┌─ RECORDED DATA

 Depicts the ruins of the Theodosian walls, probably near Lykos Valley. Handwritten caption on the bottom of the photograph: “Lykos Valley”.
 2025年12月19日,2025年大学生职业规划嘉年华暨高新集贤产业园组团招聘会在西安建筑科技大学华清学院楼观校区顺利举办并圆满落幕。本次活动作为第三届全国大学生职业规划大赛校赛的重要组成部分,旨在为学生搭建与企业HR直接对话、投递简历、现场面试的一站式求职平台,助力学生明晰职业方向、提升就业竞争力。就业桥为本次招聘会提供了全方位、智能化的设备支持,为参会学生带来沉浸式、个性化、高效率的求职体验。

└─
┌─ RECORDED DATA

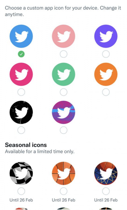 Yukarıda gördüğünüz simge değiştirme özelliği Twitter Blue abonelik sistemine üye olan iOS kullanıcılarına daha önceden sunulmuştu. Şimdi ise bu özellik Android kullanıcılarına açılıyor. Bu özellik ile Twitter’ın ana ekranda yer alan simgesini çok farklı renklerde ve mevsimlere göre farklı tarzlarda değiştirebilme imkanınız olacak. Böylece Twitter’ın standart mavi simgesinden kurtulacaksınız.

└─

In the entries above, the lines from the one bearing "Depicts the ruins" up to and including the one bearing "2025年12月19日,20" should be transcribed exactly; no other line is wanted.

> RESULT FOR THIS EXERCISE:
 Depicts the ruins of the Theodosian walls, probably near Lykos Valley. Handwritten caption on the bottom of the photograph: “Lykos Valley”.
 2025年12月19日,2025年大学生职业规划嘉年华暨高新集贤产业园组团招聘会在西安建筑科技大学华清学院楼观校区顺利举办并圆满落幕。本次活动作为第三届全国大学生职业规划大赛校赛的重要组成部分,旨在为学生搭建与企业HR直接对话、投递简历、现场面试的一站式求职平台,助力学生明晰职业方向、提升就业竞争力。就业桥为本次招聘会提供了全方位、智能化的设备支持,为参会学生带来沉浸式、个性化、高效率的求职体验。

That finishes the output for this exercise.